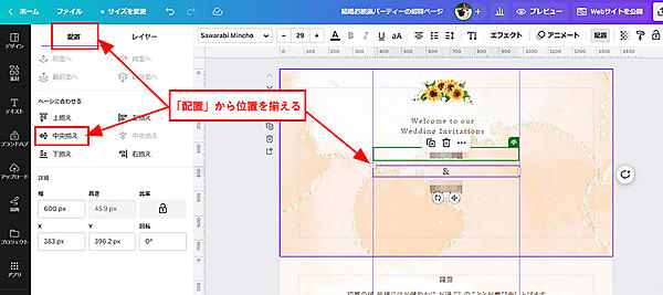 山本さん: このとき、テキストボックスの幅を「配置」から揃えると良いですよ。モバイルに最適化したとき、テキストボックスの幅や大きさによって自動でフォントサイズがかわるので、テキストボックスを揃えておくとレイアウトがずれにくくなります。
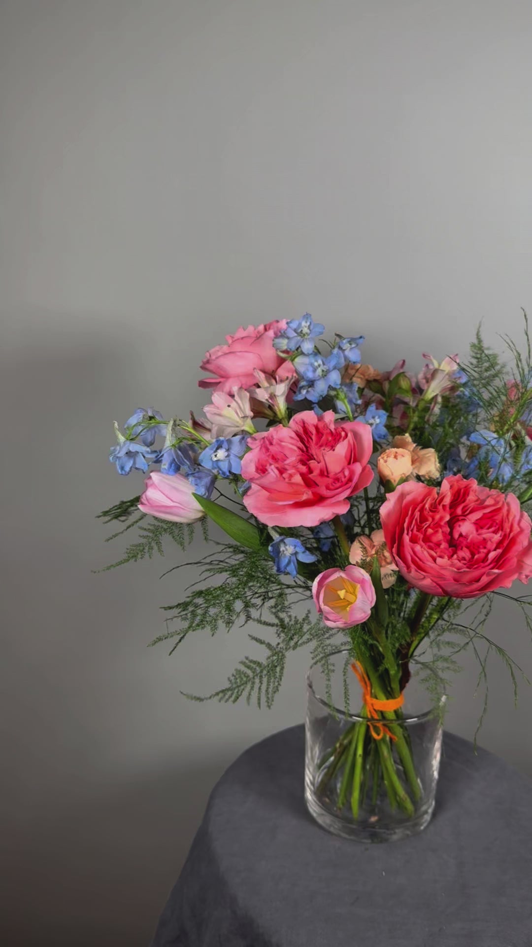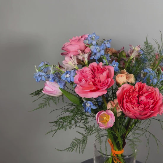 A delicate gathering of pink roses, peach baby carnations, tulips, alstroemeria, and airy delphinium — styled with love and finished with lush foliage. Rosy Moment is a quiet celebration of warmth, tenderness, and the love that lives in everyday moments.
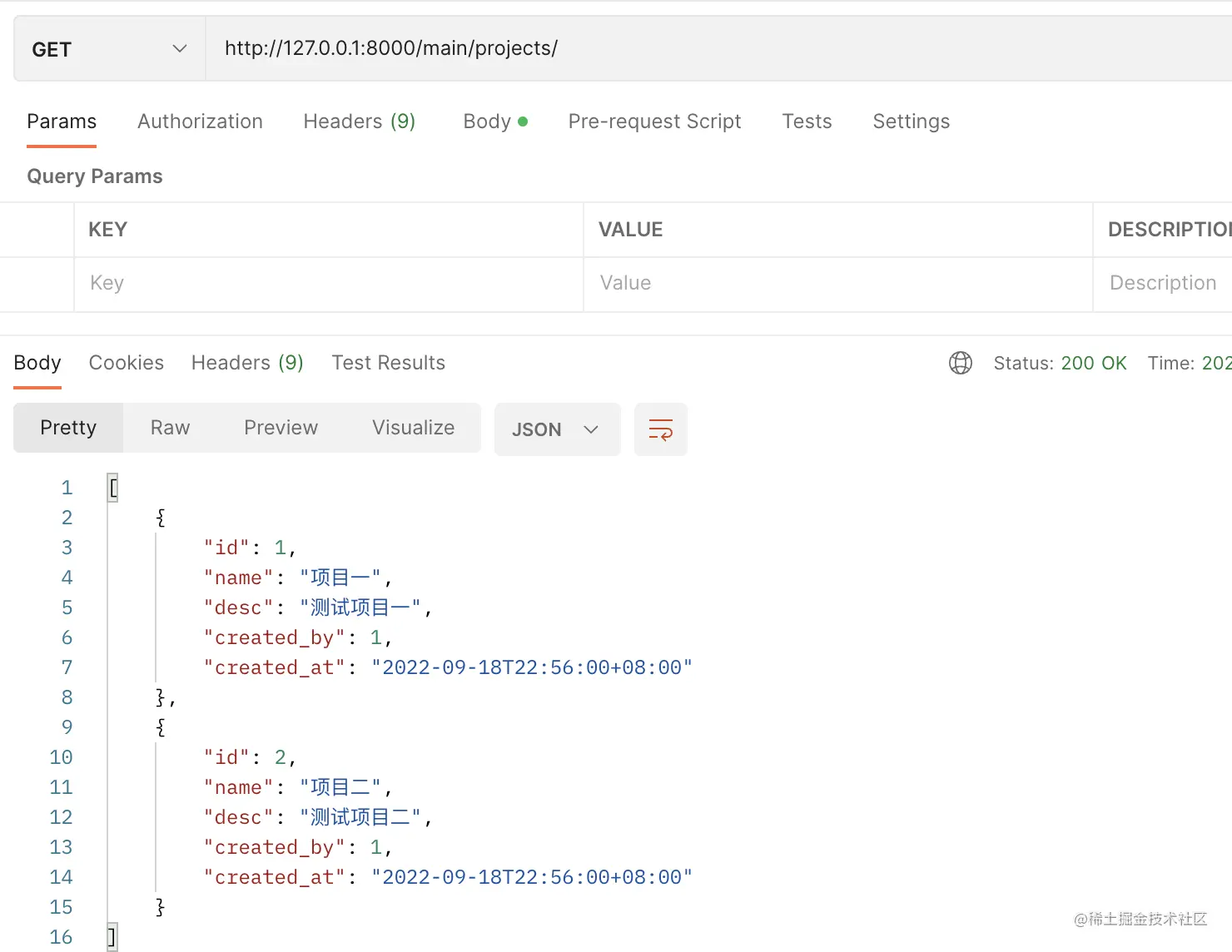 - 使用postman验证接口是否返回正常,以下是在Admin后台手动新增了两条记录,项目列表查询的结果。
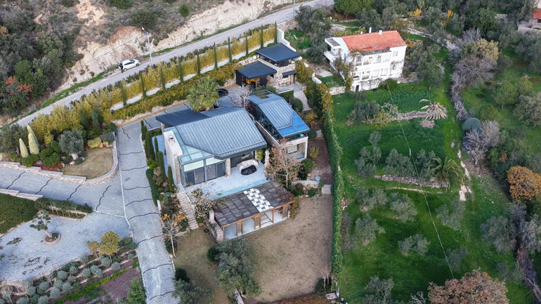 <pAyrıca, Sadettin Saran'ın Kuruoba köyündeki villasının dron ile havadan görüntüleri de alındı.
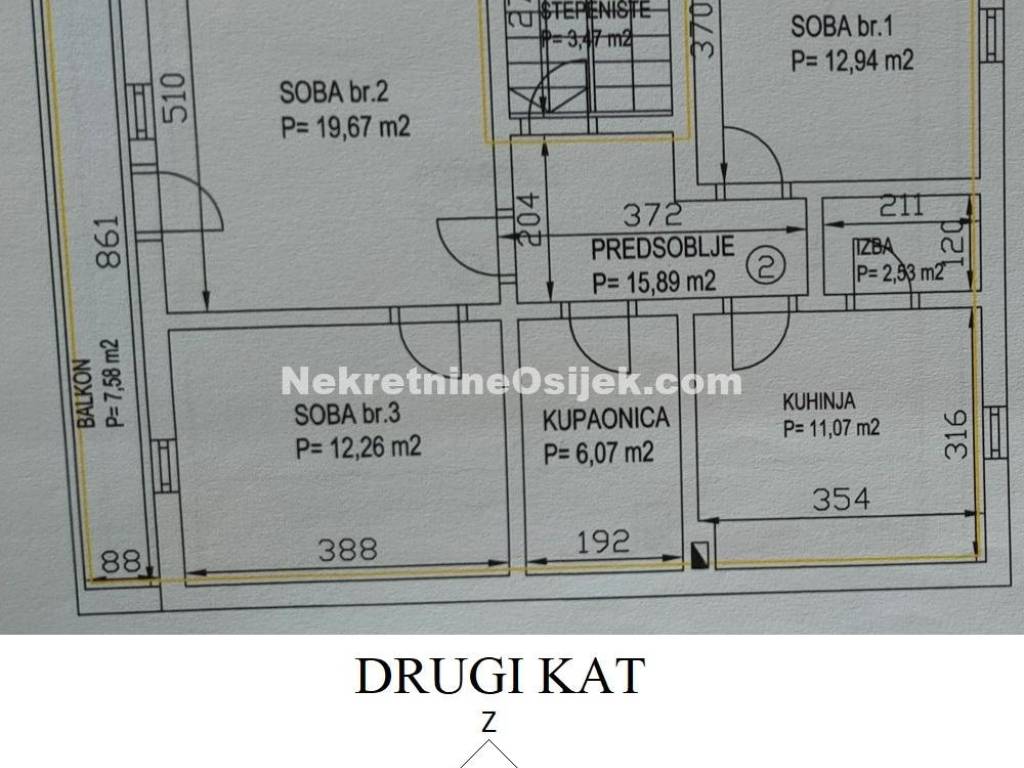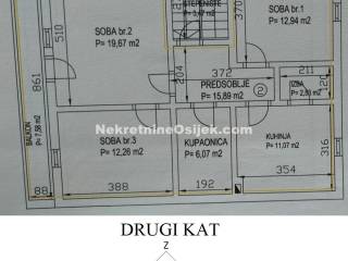 ---2. KAT-stan 2 (106m2): hodnik, 3 sobe, kuhinja i blagovaona, kupaona, ostava, balkon.
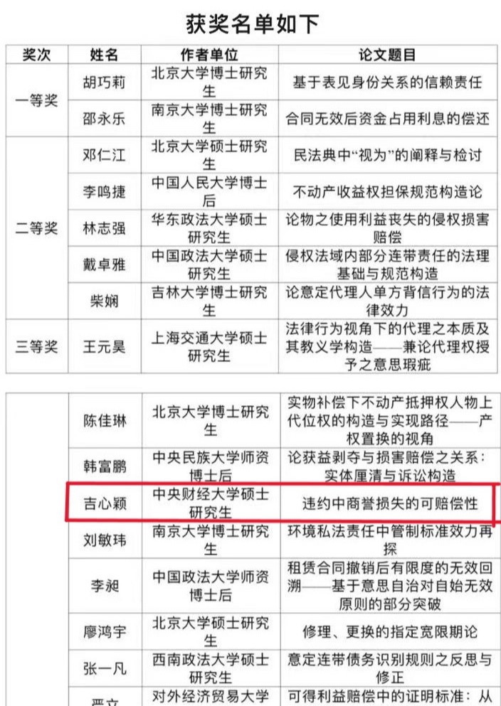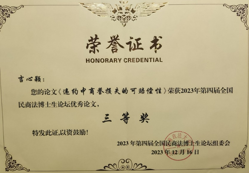 2023年12月16日,由西南政法大学民商mg4355vip检测中心、中国政法大学民商经济mg4355vip检测中心、华东政法大学法律学院、中南财经政法大学mg4355vip检测中心联合主办,西南政法大学民商mg4355vip检测中心承办的“第四届全国民商法博士生论坛”在重庆市西南政法大学渝北校区成功举行。经前期征文与专家评审,来自全国10余所高校的20余位优秀硕博士研究生、青年学者作为报告人受邀出席。mg4355官网21级法律硕士(非法学)研究生吉心颖投稿的论文《违约中商誉损失的可赔偿性》获评三等奖,并应邀作报告。
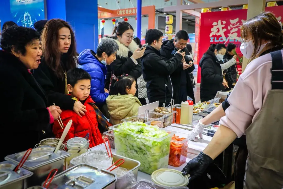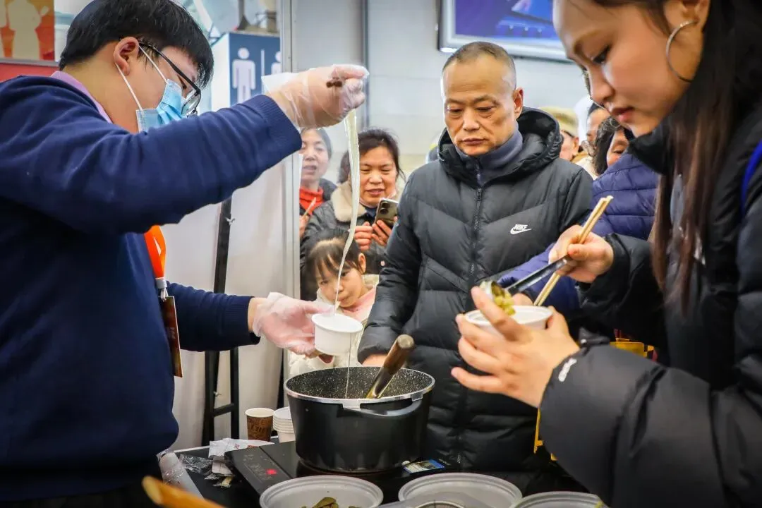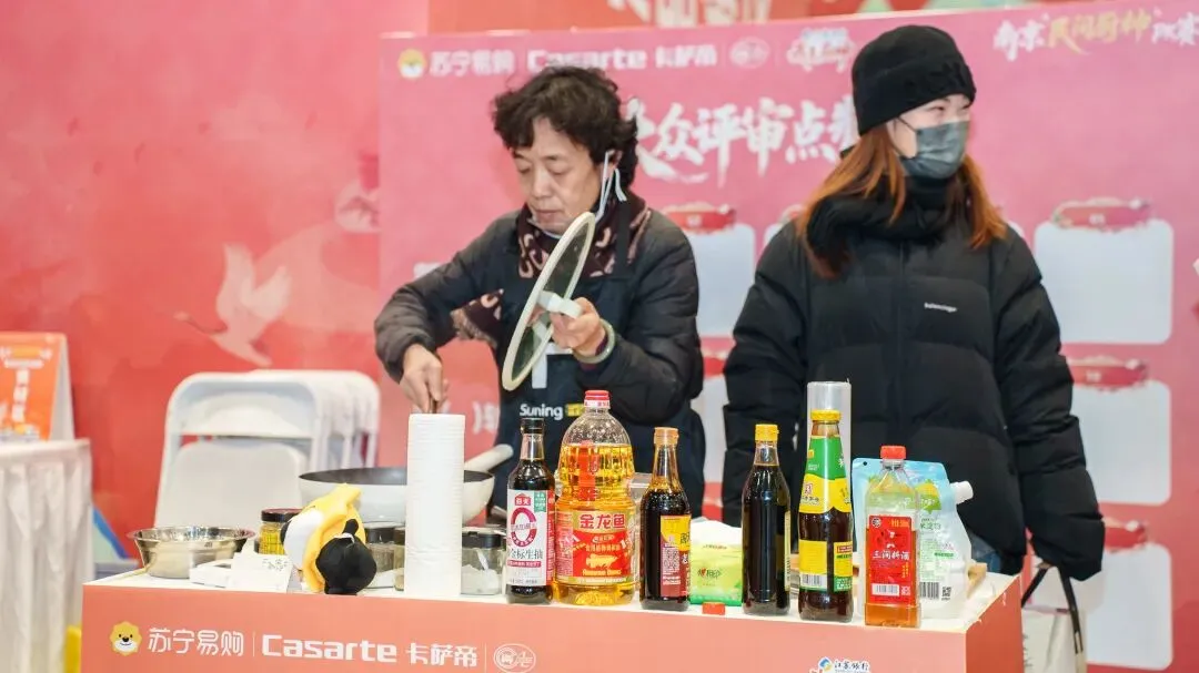2月1日,南京市古南都饭店、南京大牌档等餐饮企业在展示菜品制作工艺、讲解美食文化内涵的基础上,免费派送鸡汁回卤干、赤豆元宵、马蹄糕、糖芋苗等南京名小吃,邀请现场观众品尝、参与互动教学,全面激发消费者餐饮消费热情。

:: WORK REQUEST ::
Restate the lines of the records exactly, starting at the first and stopping after the line with "A delicate gathering". Leave out any picture.

:: COMPLETED TASK ::
 山本さん: このとき、テキストボックスの幅を「配置」から揃えると良いですよ。モバイルに最適化したとき、テキストボックスの幅や大きさによって自動でフォントサイズがかわるので、テキストボックスを揃えておくとレイアウトがずれにくくなります。
 A delicate gathering of pink roses, peach baby carnations, tulips, alstroemeria, and airy delphinium — styled with love and finished with lush foliage. Rosy Moment is a quiet celebration of warmth, tenderness, and the love that lives in everyday moments.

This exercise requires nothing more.